You could argue an AI Assistant would need to ask you this clarification if the question is vague rather than make a guess. But in extremis this is in practice not workable. If every minute factor needs to be answered by the user before getting a result, only the very experts would get to the stage of getting an answer if ever.

This is not just an AI problem, but a problem (human) business and technical analysts face every day in their work. When do you switch to proposing a solution rather than asking further details? It is BTW also why all those BPM or RPA platforms that promise to eliminate 'programming' and let the business analyst 'draw' a solution often fail miserably. They either have too narrow defaults or keep needing to be fed detail long past the BA's comfort zone.

redhale 10 hours ago [-]
I think you're making the author's point, though. If two users ask the bot the same question and get different answers, is the bot valuable? A dice roll that might be (or is even _probably_) correct is not what I want when going directly to the official docs.
PeterStuer 8 hours ago [-]
Not sure the author is giving the full account though, as his answer snippet was probably just a part of the same answer I got, framed and interpreted differently (the AI's are never this terse as to just whip out a few lines of code).

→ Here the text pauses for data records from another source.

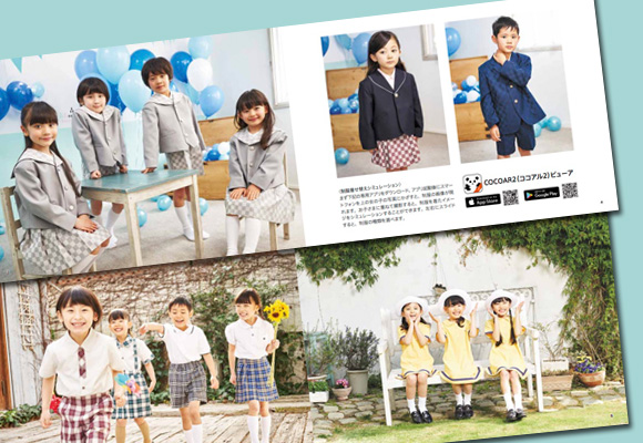 幼稚園制服・学校制服製造販売メーカー、株式会社矢部プロカッティング様の幼稚園制服ミニカタログを制作させていただきました。ARアプリを利用した制服の着せ替えシミュレーションなど、楽しさと可愛らしさのつまったカタログを目指しました。
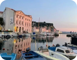 a charming seaside town with narrow streets, colorful buildings, and the Adriatic Sea.
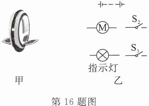 16.如图甲是某品牌的单轮平衡车,它是依靠电力驱动及人体平衡能力控制的代步工具。为了确保安全,该单轮平衡车的电路部分安装2个开关——电源开关$S_1$和压力开关$S_2,$当手动闭合$S_1$时,指示灯亮起;此时骑行者再站立于平衡车踏板上后$S_2$自动闭合,电动机才能正常启动,平衡车才开始运动。未闭合$S_1$或骑行者未站立于踏板上,电动机都无法启动。请根据上述要求,用笔画线将图乙电路图连接完整。
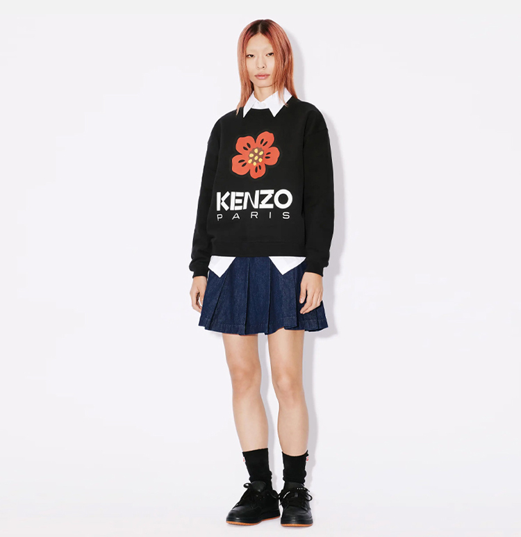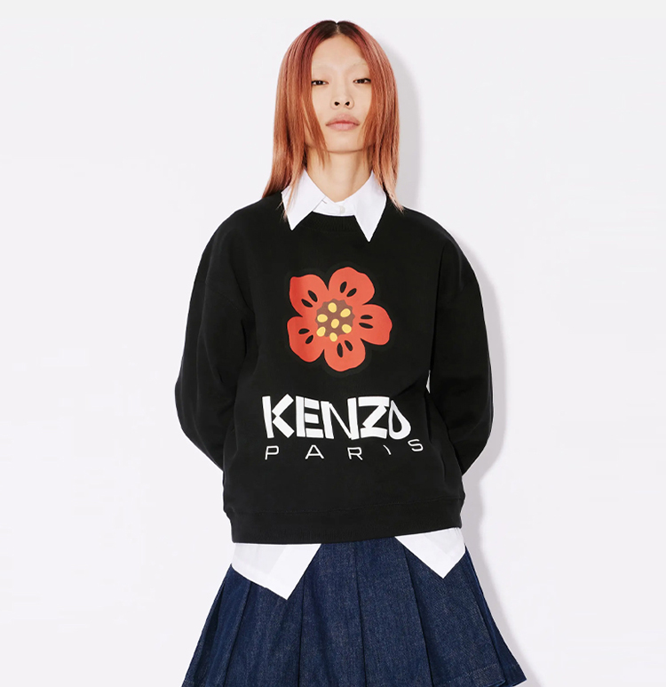 【一】KENZO 高田贤三 女士棉质大海棠花徽标印花长袖卫衣 黑色 FD52 SW036 4ME 99J
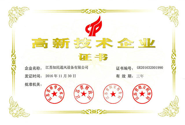 高新技术企业证书
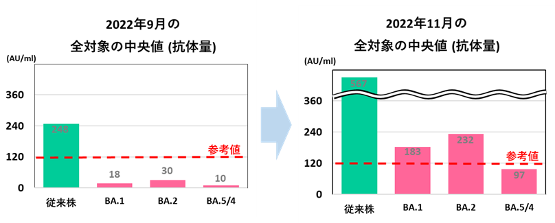 ただ、2022年9月末時点と比較すると、2022年10月末以降はBA.5に対する抗体も増加していますが、2022年10月末から2022年11月末にかけては、ワクチン接種の増加指標となり従来株に対する抗体量が増加しているにもかかわらず、BA.5に対する抗体量は、ほとんど変化が見られませんでした。また、2ヶ月以上経過しても、十分な抗体量(参考値[※2])を保有できていないことが分かりました。

Besides, it is not even incorrect in the way he states it is. It is fully dependent on how he added the tags in his flow, as the complete answer correctly stated. He speculates on some timing issue in some 'cryptic Shopify process' adding the tag at a later stage, but this is clearly wrong as his "working answer" (which is also in the Assistant reply) does rely on the tag having been added at the same point in the process.

My pure and exaggerated on purpose speculation: He just blindly copied some flow template, then from the (same as I got?) Assistant's answer copy/pasted the first Liquid code box, tested on one order and found it not doing what he wanted, this suited his confirmation bias regarding AI, later tried pasting the second Liquid code box (or the same answer you will get from Gemini through Google Search) and found 'it worked' on his one test order, still blamed the Assistant for being 'wrong'.

dworks 7 hours ago [-]
its non-deterministic. it gives different answers each time you ask, potentially, and small differences in your prompt yields different completions. it doesnt actually understand your prompt, you know.